#### [COLLECTED DATA]
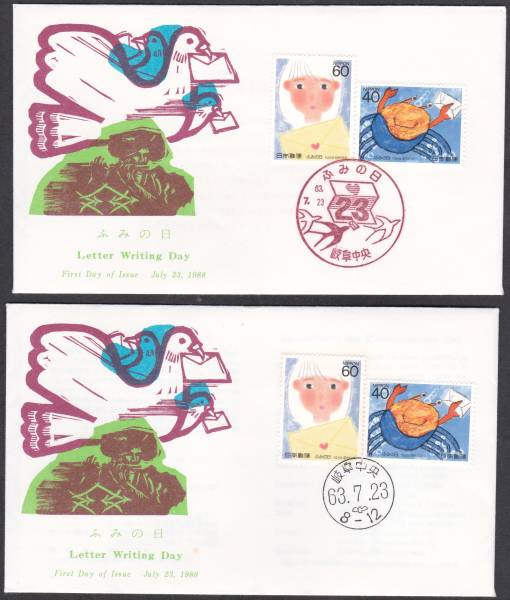 - FDC 1988年 ふみの日 2消し2通 JPS
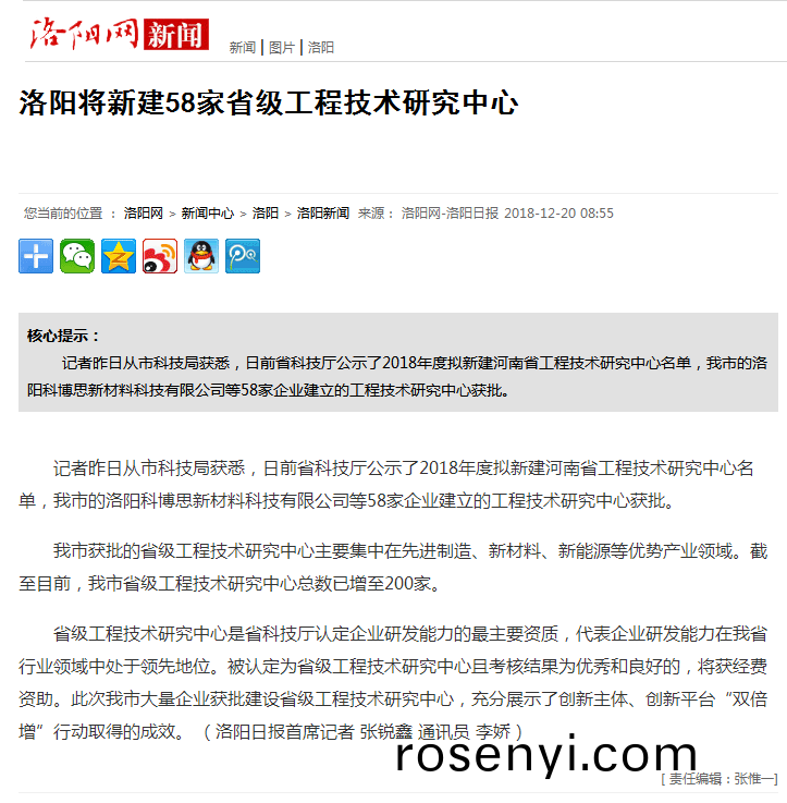 熱烈祝賀我公司穫批爲(wei)2018年度河南省工程(cheng)技術研究中心
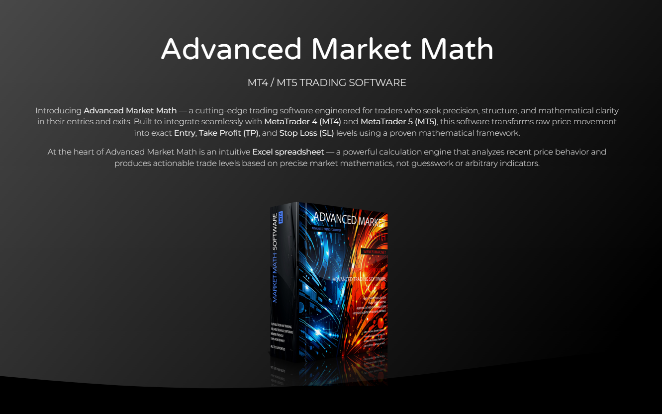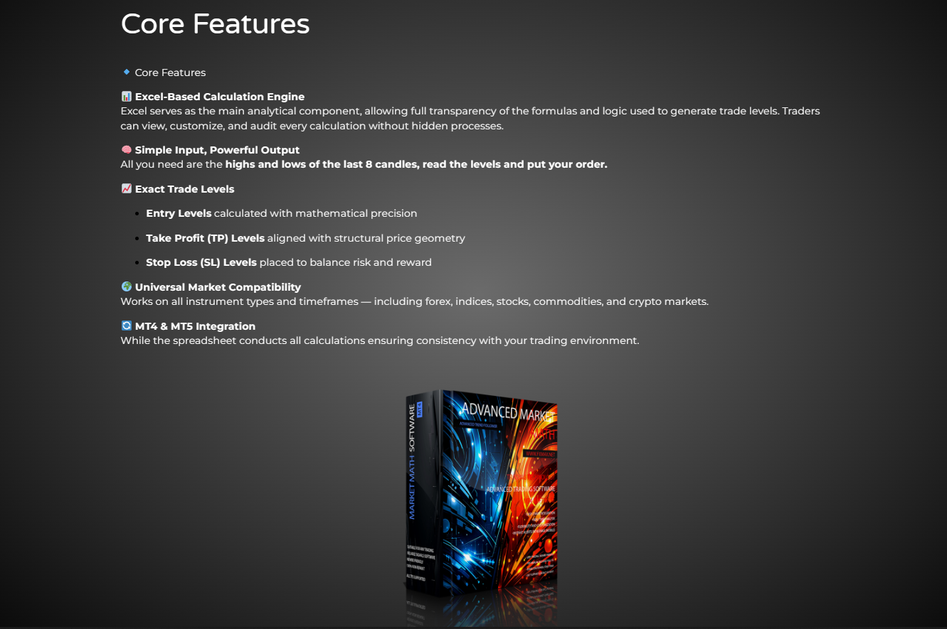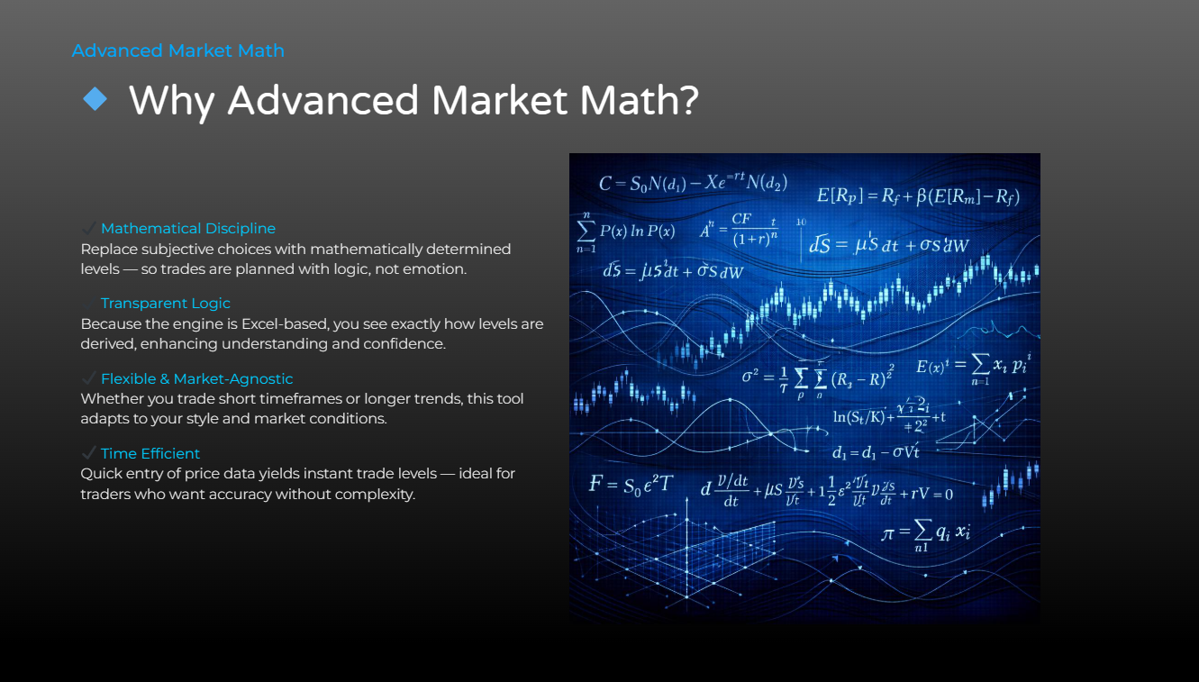 Advanced Market Math is a next-generation trading software built for traders who rely on logic, structure, and mathematical precision rather than indicators, guesswork, or emotion. Designed around Market Math Theory, this software delivers a powerful Excel-based spreadsheet that calculates high-probability entry points, take profit targets, and stop loss levels with clarity and consistency.

#### [ACTIVITY]
Retype the listing exactly. Skip every picture.

#### [YOUR SOLUTION]
 - FDC 1988年 ふみの日 2消し2通 JPS
 熱烈祝賀我公司穫批爲(wei)2018年度河南省工程(cheng)技術研究中心
 Advanced Market Math is a next-generation trading software built for traders who rely on logic, structure, and mathematical precision rather than indicators, guesswork, or emotion. Designed around Market Math Theory, this software delivers a powerful Excel-based spreadsheet that calculates high-probability entry points, take profit targets, and stop loss levels with clarity and consistency.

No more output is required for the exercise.